## What you should do
Word for word, restate the lines of the data below between those holding "وأول أمس الثلاثاء،" and "Ispirata ai potenti", inclusive; pictures do not belong in the copy.

## Source data
--*--

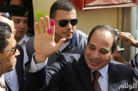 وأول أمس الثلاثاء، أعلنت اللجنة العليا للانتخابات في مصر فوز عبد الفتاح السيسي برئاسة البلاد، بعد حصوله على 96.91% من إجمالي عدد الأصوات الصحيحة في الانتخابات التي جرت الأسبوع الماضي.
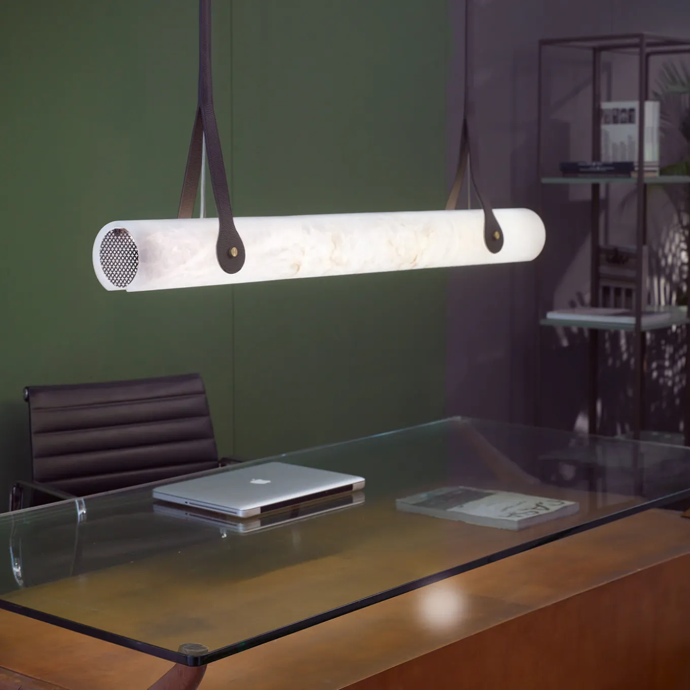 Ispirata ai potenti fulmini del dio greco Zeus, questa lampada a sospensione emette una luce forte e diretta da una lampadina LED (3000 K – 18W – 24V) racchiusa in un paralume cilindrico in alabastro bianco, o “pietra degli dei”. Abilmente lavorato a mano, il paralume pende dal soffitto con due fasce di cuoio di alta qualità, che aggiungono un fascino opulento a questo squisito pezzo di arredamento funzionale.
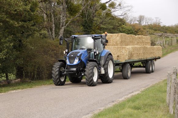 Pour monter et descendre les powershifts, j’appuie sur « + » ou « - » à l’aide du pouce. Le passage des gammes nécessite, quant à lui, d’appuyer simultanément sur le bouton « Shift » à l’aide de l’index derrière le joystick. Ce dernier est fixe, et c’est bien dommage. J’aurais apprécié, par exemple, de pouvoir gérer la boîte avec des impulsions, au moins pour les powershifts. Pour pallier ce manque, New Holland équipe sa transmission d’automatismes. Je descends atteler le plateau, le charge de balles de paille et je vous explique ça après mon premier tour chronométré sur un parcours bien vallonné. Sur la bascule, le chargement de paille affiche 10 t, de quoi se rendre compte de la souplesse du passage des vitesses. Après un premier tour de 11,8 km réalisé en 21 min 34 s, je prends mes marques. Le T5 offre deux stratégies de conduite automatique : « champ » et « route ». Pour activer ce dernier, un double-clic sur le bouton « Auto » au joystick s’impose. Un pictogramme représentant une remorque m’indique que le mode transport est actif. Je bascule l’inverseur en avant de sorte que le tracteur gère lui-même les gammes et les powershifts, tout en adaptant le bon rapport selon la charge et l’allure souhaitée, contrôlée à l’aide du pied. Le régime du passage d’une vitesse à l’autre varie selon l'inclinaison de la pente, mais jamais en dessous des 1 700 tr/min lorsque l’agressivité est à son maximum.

--*--

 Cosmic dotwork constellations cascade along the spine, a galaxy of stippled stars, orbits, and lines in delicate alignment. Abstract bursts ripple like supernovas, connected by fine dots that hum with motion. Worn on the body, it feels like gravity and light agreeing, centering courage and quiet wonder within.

--*--

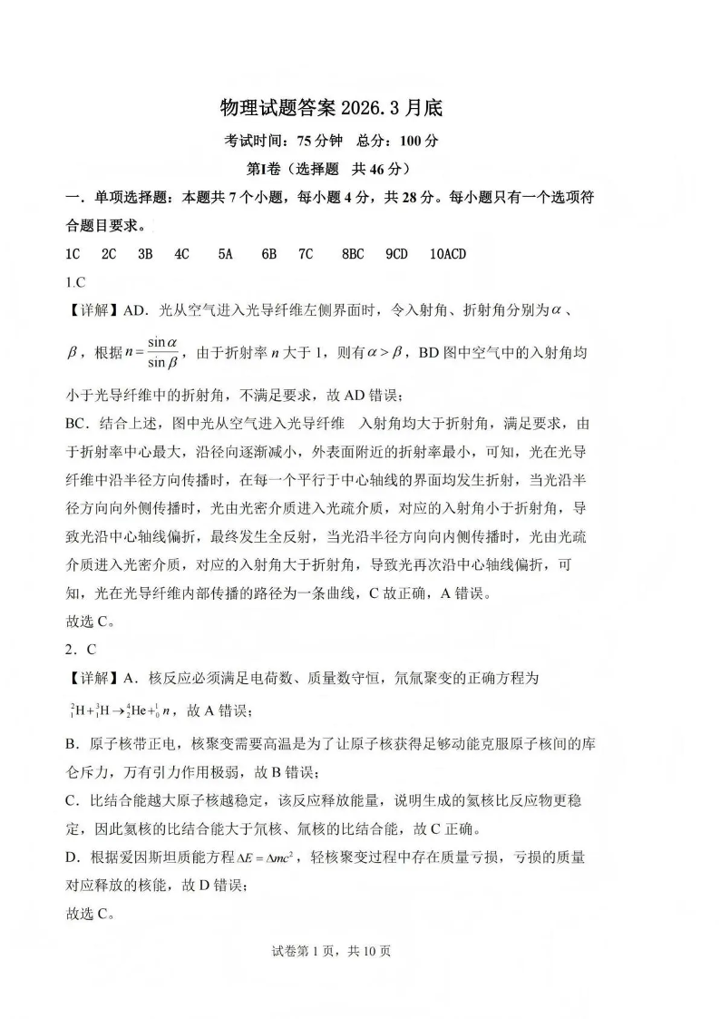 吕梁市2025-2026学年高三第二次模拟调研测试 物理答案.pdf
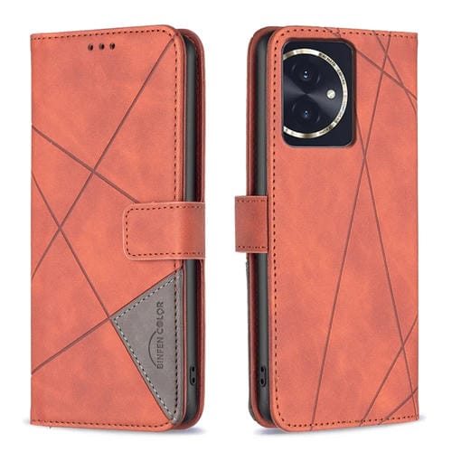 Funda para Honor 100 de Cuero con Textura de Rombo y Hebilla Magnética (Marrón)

--*--

## Written response
 وأول أمس الثلاثاء، أعلنت اللجنة العليا للانتخابات في مصر فوز عبد الفتاح السيسي برئاسة البلاد، بعد حصوله على 96.91% من إجمالي عدد الأصوات الصحيحة في الانتخابات التي جرت الأسبوع الماضي.
 Ispirata ai potenti fulmini del dio greco Zeus, questa lampada a sospensione emette una luce forte e diretta da una lampadina LED (3000 K – 18W – 24V) racchiusa in un paralume cilindrico in alabastro bianco, o “pietra degli dei”. Abilmente lavorato a mano, il paralume pende dal soffitto con due fasce di cuoio di alta qualità, che aggiungono un fascino opulento a questo squisito pezzo di arredamento funzionale.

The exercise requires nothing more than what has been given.